Yaz aylarında hayvanlarda soğuk su tüketimi teşvik edilmeli
Konuyla ilgili olarak dikkat edilmesi gereken noktaları paylaşan Trouw Nutrition Türkiye Ruminant Teknik Ürün Müdürü Dr. Kazım Bilgeçli,“Bilimsel çalışmalar, soğuk içme suyunun sıcaklık stresi altındaki süt sığırlarında yüksek yem tüketimine, solunum sayısı ile birlikte rektal sıcaklıklarda düşmelere ve süt üretiminde yüzde 4,8 oranında artışlara neden olduğunu ortaya koyuyor. Bu sebeple yaz aylarında hayvanlarda su tüketimi teşvik edilmeli, bol bol soğuk su temin edilmeli. Ayrıca sıcaklık stresine maruz kalmış süt sığırlarına uygun gölgelik alanlar sağlanmalı.” dedi.
Dünyanın hayvan besleme uzmanından yaz dönemine özel besleme önerileri…
Doğru hayvan besleme yöntemlerinin bu dönemde özellikle çok önemli olduğunu belirten Dr. Kazım Bilgeçli, “Kaba yemler, genellikle daha fazla ısı üretimine yol açtığından sıcaklığın yüksek olduğu durumlarda stresi tetikleyebiliyor. Bu nedenle kaba ve kesif yemin yaz aylarında uygun oranlarda karıştırılarak verilmesini öneriyoruz. Süt sığırı rasyonlarına kuru madde bazında en az yüzde 1,5 potasyum, yüzde 0,45 sodyum, yüzde 0,35 magnezyum ilavesi yapılmalı.Vücutta ürettiği ısı miktarının düşük, ihtiva ettiği kalori miktarının yüksek olmasından dolayı bu dönemlerde bypass yağların kullanımı da tercih edilebilir.Yemlerin etkinliğini artıran katkı maddelerinin kullanılması da yine faydalı sonuçlar doğurabilir. Bu amaçla tampon maddeler, probiyotikler, prebiyotikler, niasin ve mayalar tercih edilebilir.” şeklinde konuştu.
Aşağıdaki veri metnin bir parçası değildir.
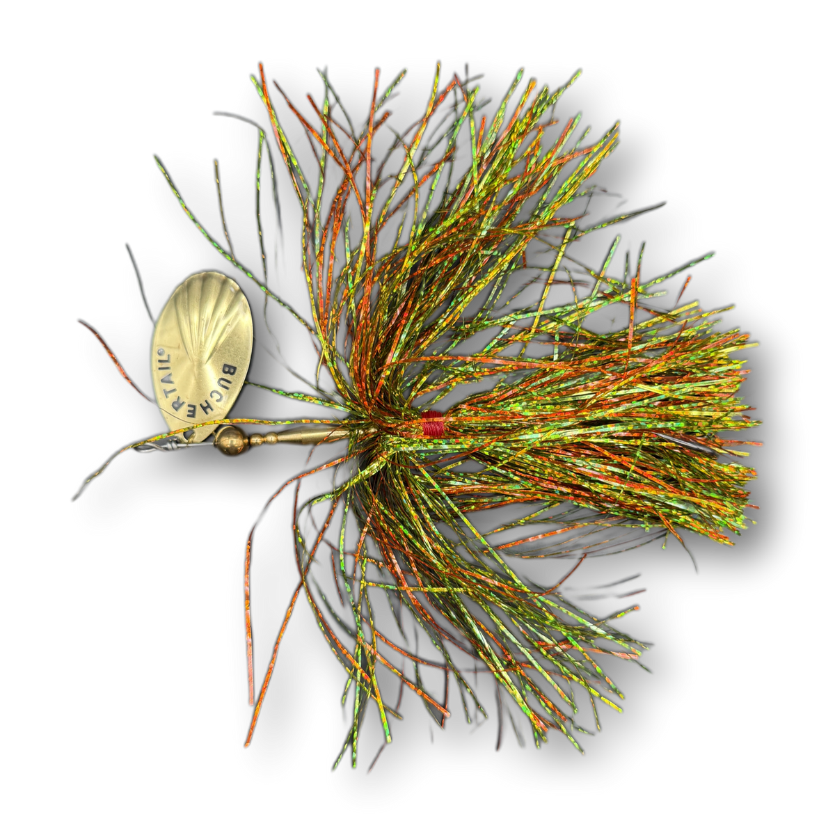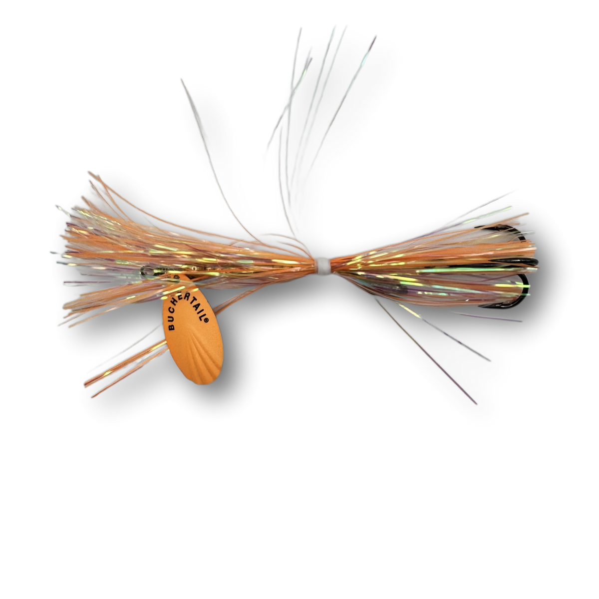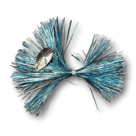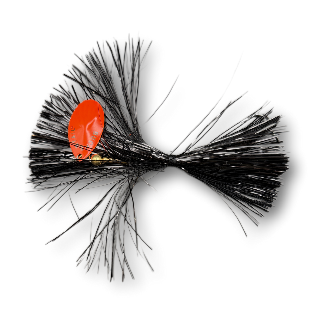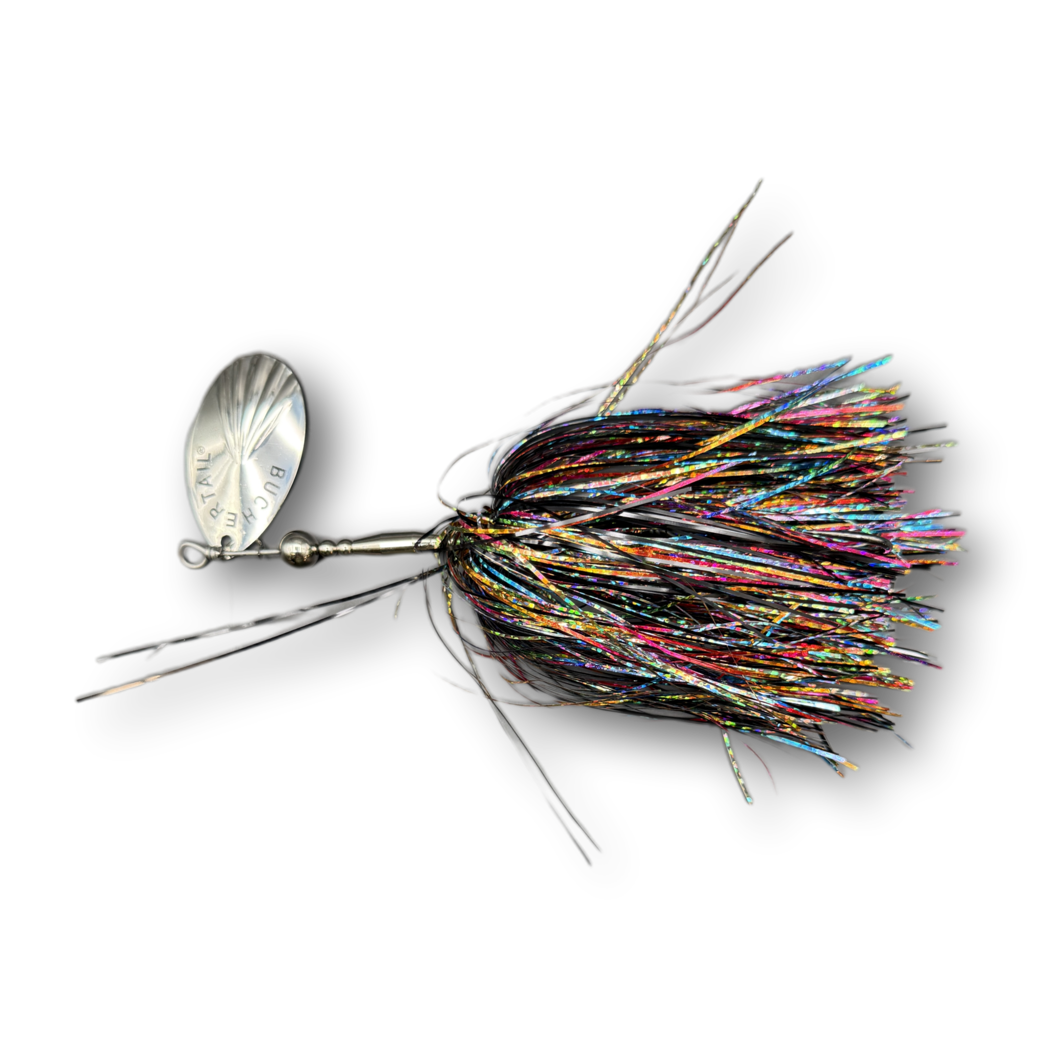 The Buchertail 500 Tinsel is built on a new concept focused on making a downsized version of the popular Buchertail 700 that casts and works like a full sized musky spinner. Unlike most downsized in-line spinners, the Buchertail 500 Tinsel has the same weight as the larger Buchertail 700 and an oversized treble hook. This design allows you to cast the 500 easily with a full sized conventional musky rod & reel outfit. The additional weight also allows the angler to retrieve this lure faster to trigger more strikes from following muskies and big pike.

Vitamin ve mineral takviyesine dikkat!
Yaz aylarında düşen yem tüketimi ve kaba yem kalitesindeki olası düşmeye bağlı olarak süt sığırlarının vitamin ve mineral ihtiyaçlarının olması gerektiği düzeyde karşılanamayabileceğini hatırlatan Bilgeçli sözlerini şöyle noktaladı: “Vitamin ve minerallerin mutlak suretle takviye edilmesini tavsiye ediyoruz. Bağışıklık ve meme sağlığı üzerinde etkili olan, vitamin A ve E ile çinko ve bakır gibi iz mineraller tavsiye edilen miktarlarda sağlanmalı. Ek olarak sıcaklık stresi, serbest radikallerin artmasına ve buna bağlı oksidatif strese neden olduğundan vitamin E’ye ilave olarak selenyum takviyesi de göz önünde bulundurulmalı. Sıcaklık stresi altındaki süt sığırlarında önemli miktarda potasyum kaybı da meydana geliyor. Artan potasyum ihtiyacının karşılanmaması neticesinde süt verimi ve yem tüketimi düşebiliyor. Bu nedenle rasyondaki potasyum seviyesi yüzde 1,2 ya da daha fazla olmalı. İyi kaliteli yonca kuru otunun iyi bir potasyum kaynağı olduğu da unutulmamalı. Bunun yanında rasyon magnezyum seviyesinin yüzde 0,3 ila 0,35 arasında olması verim ve performans açısından fayda sağlayacaktır. Sodyum da dikkat edilmesi gereken bir diğer önemli mineraldir. Sodyum bikarbonat gibi tampon maddeler kullanılarak rasyondaki oranı yüzde 0,45 ila 0,55 düzeylerine çıkarılabilir. Sodyum seviyesindeki bu oranların sıcaklık stresi altında süt verimine olumlu etkileri olduğu yapılan çalışmalarla da ortaya konmuş durumda.”dedi.